Summary: In a prespecified analysis of the SELECT trial, weekly semaglutide 2.4 mg reduced first major adverse cardiovascular events by 20% versus placebo (HR 0.80, 95% CI 0.72-0.90) in 17,604 overweight or obese adults with established atherosclerotic cardiovascular disease but without diabetes. The cardiovascular benefit was consistent across baseline HbA1c subgroups and across categories of HbA1c change, indicating that the effect was not explained by glycaemic improvement.
PICO Summary
| Element | Detail |
|---|---|
| Population | 17,604 adults with overweight or obesity and established atherosclerotic cardiovascular disease but without diabetes (mean age 61.6 years, 72.3% male); prespecified analysis of the multinational, double-blind SELECT randomised controlled trial.
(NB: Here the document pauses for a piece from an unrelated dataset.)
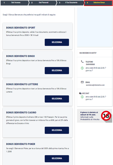 - Il bonus Benvenuto può essere selezionabile solo in fase di registrazione non a posteriori

Baseline HbA1c was <5.7% in 33.5%, 5.7% to <6.0% in 34.6%, and 6.0% to <6.5% in 31.9%. |
| Intervention | Subcutaneous semaglutide 2.4 mg once weekly. |
| Comparison | Matching placebo once weekly, on a background of standard cardiovascular care. |
| Outcome | First MACE (cardiovascular death, non-fatal myocardial infarction, or non-fatal stroke) was reduced by 20% overall (HR 0.80, 95% CI 0.72-0.90). The reduction was not shown to differ across baseline HbA1c subgroups and was consistent with the overall result for all endpoints except all-cause mortality, and consistent across categories of HbA1c change (<-0.3, -0.3 to 0.3, and >0.3 percentage points) from baseline to week 20. Subgroup-specific hazard ratios with confidence intervals and interaction p-values were not reported in the abstract; absolute risk reduction and NNT were likewise not reported. |
Semaglutide CV benefit independent of HbA1c (SELECT)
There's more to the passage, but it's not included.